Ratings recently released by Coral Gables, Fla.-based BauerFinancial Inc. show no troubled banks in St. Mary or Assumption parishes.
A majority of the banks operating in the area hold five-star ratings from the bank rating company, including St. Mary-based M C Bank, Morgan City Credit Union and Cabot Employees Credit Union in Franklin.
Morgan City Bank President and CEO Larry Callais said that the bank has received the five-star rating for many quarters.
“It’s a reflection on the board of the directors, on everybody who works for the bank when you receive a rating from an independent agency” like this, Callais said. He noted that this agency has no ties to the banking industry.
The rating, he said, measures internal strength of a bank as well as an efficiency rating.
He noted that the bank’s efficiency rate is about 48 percent. Normally, he said the bank should stay within 45 and 65 percent with 45 being the best.

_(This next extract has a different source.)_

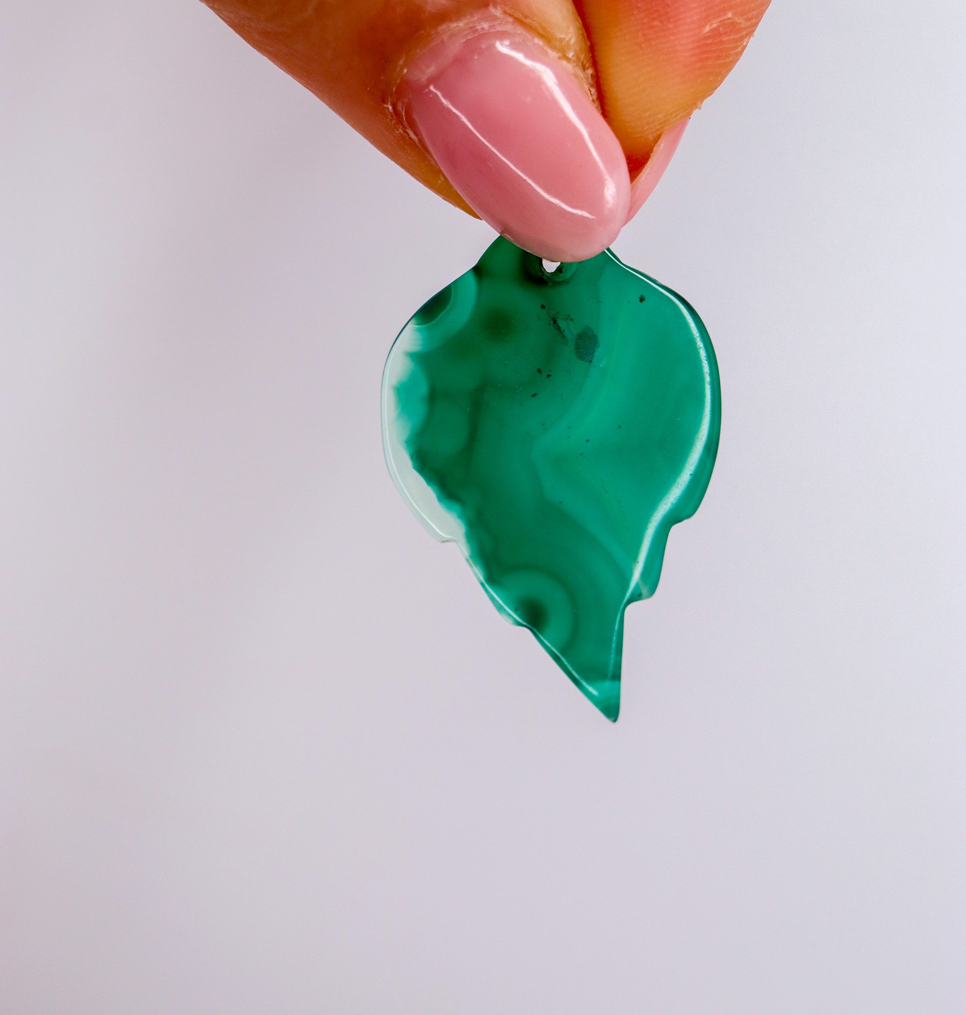 Giada verde a forma di foglia, pietra dura autentica, attenzione, trattandosi di pietre naturali, le sfumature e il colore del pendente sono uniche per ogni pendente

The other St. Mary-based bank, Patterson State, received a four-star rating.
Bill Marin, PSB chairman of the board and executive vice president, said the bank’s rating has improved from as low as 3.5 stars a few years ago.
In 2009, he said the bank, like many others, suffered a loss because of the international housing market crash.
However, he said it has rebounded and financial projections for 2012-14 already look really good.
“We’ve shown steady improvements,” he said. “I know the regulators have liked what they’ve seen.”
Marin also noted that the bank has just about doubled its size in roughly a five-year period and now is turning its attention from growth to continuing to take care of customer needs as well as make sound decisions.
Through these methods, he said that the bank hopes to achieve a five-star rating one day.
He said the difference between a four- and five-star bank likely involved ratios regarding earnings and asset quality and liquidities.
“It would probably get down to numbers,” Marin said.
Among the other banks operating in the area, Iberiabank, MidSouth, Teche Federal and Whitney, all with branches in Morgan City, hold five-star ratings. Riverland Credit Union received four stars, and Regions Bank received three stars.
First National Bank of Jeanerette, with a Franklin branch, and Capital One Bank, with Franklin and Pierre Part branches, both scored four stars in the ratings. For Pierre Part’s branch banks, First American Bank and Trust scored five stars, and Iberville Bank scored three stars.
The St. Mary Parish School Employees Credit Union is either too small to rate, or is not insured by the National Credit Union Administration.
The latest ratings, based on June 30, 2011, financial data, show the highest percentage of top rated banks since Sept. 30, 2007, with 40.7 percent earning its highest five-star rating. The percentage of recommended banks — those rated either five stars or four stars — is now at 62 percent of the industry.
On the other hand, the banks on Bauer’s Troubled and Problematic Bank Report — i.e. rated two stars or below — still represent more than 12 percent of the banking industry. Currently at 902 institutions, this category is also showing improvement.
Credit unions are looking good, as well, with 41 percent of the credit union industry earning the top five-star rating. Those with either a five-star or four-star rating represent 69 percent of all federally insured credit unions. Credit unions rated two-stars or below represent just more than 5 percent of the industry.
Financial data is compiled for U.S. banks and thrifts from all report data as reported to federal regulators. Although the financial data obtained from these sources is consistently reliable, the accuracy and completeness of the data cannot be guaranteed by BauerFinancial Inc.
All banks are subject to federal regulatory capital requirements, but those requirements vary among institutions and are dependent on many factors. In general, institutions are required to maintain a tangible capital ratio of at least 4 percent, a Tier 1 risk-based capital ratio of at least 4 percent and a total risk-based capital ratio of at least 8 percent.
In addition to the capital ratio, other criteria are used to determine BauerFinancial’s star ratings. Some of these include but are not limited to: profitability/loss trend, evaluating the level of delinquent loans and repossessed assets, the market versus book value of the investment portfolio, regulatory supervisory agreements, the community reinvestment rating and liquidity. Potential losses on available-for-sale securities, delinquent loans and repossessed assets are forecasted in assigning a star rating.